Расправившись с корреспонденцией и решив что на сегодня хватит работать, Стравинский выпивал стакан слабого чая с хлебом и пирожными с джемом и раскладывал пасьянс — или два, если в первый раз пасьянс не сходился. После этого он взял бы нас с собой в поход по магазинам. Стравинский очень серьёзно относился к покупкам и любил прогуливаться туда-сюда по проходам супермаркета, восхищаясь аккуратно заставленными полками, но, прежде чем купить что-либо, обычно подозрительно интересовался: «Сколько это стоит?» Или же, если бы нам совсем не повезло, он потащил бы нас в кино, где громогласно комментировал бы весь фильм и всем мешал. Затем он повёл бы нас (если бы по-настоящему был к нам расположен) в какой-нибудь шикарный ресторан, где заказал бы лучшие блюда и напитки, гонял туда-сюда официантов и завёл бы искромётную беседу (иногда отвлекаясь, чтобы нарисовать на скатерти силуэт любой из женщин в ресторане, чьи формы привлекли бы его внимание). Стравинский живейшим образом описал бы нам свои сны. Он обычно хорошо их помнил и уверял, что решал большую часть музыкальных задач во сне. Потом Стравинский, возможно, затеял бы спор или начал говорить гадости о музыке других композиторов: «Кому это нужно?» (его любимое выражение). Однако если бы он пребывал в хорошем настроении — а Вера всегда старалась перевести разговор на приятные для него темы («Он очень мил, когда не думает о музыке», — считала она) — тогда с ним было бы по-настоящему весело и мы, вероятно, засиделись бы до поздней ночи, до тех пор, пока Стравинский не объявил бы во всеуслышание: «Я пьян!». Затем мы вернулись бы к ним домой, и если бы вы остались ночевать, то на кушетке, а не на кровати (перед вашим приездом Стравинские попросили бы письменно сообщить ваши габариты, дабы убедиться, что вы подойдёте для их знаменитой кушетки). Вы должны были бы поскорее выключить свет, не то появился бы Стравинский и отругал вас за то, что вы все ещё не спите — он кого угодно бы отчитал. Поэтому лучше всего ложитесь спать и набирайтесь сил, раз вам предстоит провести ещё один день в компании этого неугомонного яйцеголового насекомого.
Музыка
Описывать музыку Стравинского в некотором смысле гораздо сложнее, чем музыку других композиторов из этой книги. Хотя их стиль в течение жизни заметно развивался, их музыкальный язык в основном всё-таки оставался прежним и только становился всё более индивидуальным и неповторимым. У Стравинского же музыкальный стиль и язык изменялись совершенно, причём несколько раз. Несомненно, Стравинский оставался Стравинским: но представьте, что какой-нибудь писатель написал бы первые книги на русском языке, а потом перешёл бы на французский, потом на английский, потом на немецкий. Большинство ранних сочинений Стравинского написаны под явным впечатлением народных сказок и обычаев его родной России — в них много волшебства, первобытных ритуалов (Стравинский обожал ритуалы) и экзотических танцев. Потом, все больше ощущая себя отрезанным от России, он взял за образец музыку восемнадцатого столетия; некоторые его произведения звучат наполовину как старинная музыка и наполовину как Стравинский. (Он говорил: «Прошлое — это гнездо, в которое мне нравится откладывать яйца».) Наконец, когда после Второй мировой войны Стравинский снова посетил Европу, он почувствовал, что, по сравнению с тем, как пишут в Европе, его музыка старомодна. После этого он начал писать куда более «современную» музыку — полную диссонансов, где ноты, вместо того чтобы объединяться в прекрасные аккорды, бьются друг с другом не на жизнь, а на смерть.
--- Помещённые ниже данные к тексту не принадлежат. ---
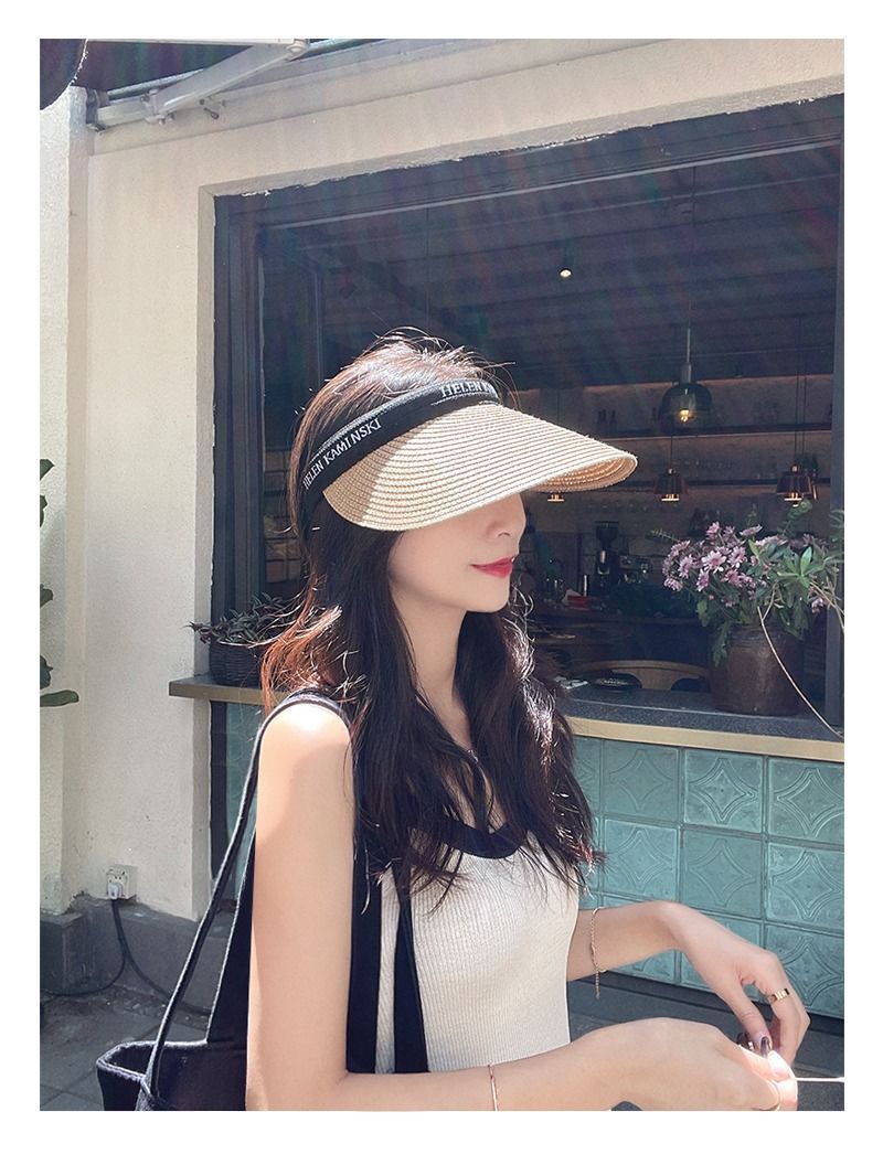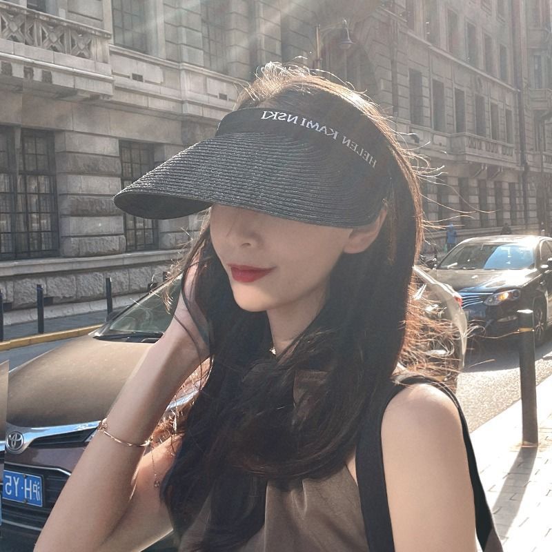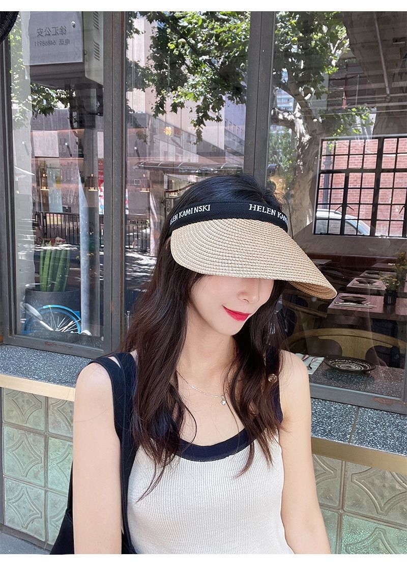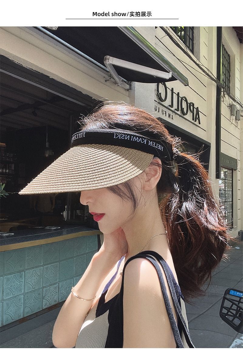 2023夏季ins草编空顶鸭舌帽子女 户外百搭沙滩大檐防晒发箍草 帽遮阳帽

Взгляды Стравинского на значение музыки также разительно отличались от взглядов других композиторов из этой книги. Например, Шуман считал, что всё происходящее в его жизни немедленно находит отражение в его музыке; Стравинский же полагал, что его жизнь не имеет никакого отношения к его музыке. «Музыка — это всего лишь музыка», — говорил он. Стравинский не то чтобы считал, что она ничего не выражает. Просто он полагал, что музыка выражает свои собственные эмоции, а не наши повседневные человеческие чувства. Даже кладя на музыку слова, он зачастую больше интересовался звучанием слов, а не их значением.
Стравинскому были интересны любые звуки, и старые, и новые. Ему нравилась изящная музыка восемнадцатого века, но он увлекался и джазом, сочинял регтаймы и польки. Стравинский приходил в восторг, обнаружив незнакомый ему народный музыкальный инструмент, и всё время стремился использовать новые сочетания оркестровых инструментов. (У Стравинского был поразительный слух: он мог распознать семь различных тонов в рёве пролетающего над головой самолёта.) Отчасти именно поэтому знакомство с музыкой Стравинского так увлекательно — он всегда пробовал что-то новое и неожиданное. Должен сказать, что некоторые его сочинения звучат, на мой взгляд, скорее как экспериментальные композиции, а не как великая музыка. (Может быть, я недостаточно хорошо их знаю или просто не способен понять, но таково моё мнение — в какой бы гнев пришёл Стравинский, прочти он эти строки! Он, несомненно, написал бы красными чернилами и жирно подчеркнул на полях: «Если он этого не понимает, зачем он об этом пишет?» — Извините, мистер, я просто высказываю своё мнение. — «Кому это нужно?»)
Однако, когда речь заходила о шедеврах, то, хотя Стравинский и заявлял, что его музыка не выражает человеческих эмоций, он ведь не говорил, что слушатели не должны их испытывать! Все эти оттенки, ритмы, неземные звуки — Стравинский может заставить вас смеяться, заставить вас плакать, заставить танцевать. Честно говоря, он может просто свести вас с ума! А это восхитительное чувство…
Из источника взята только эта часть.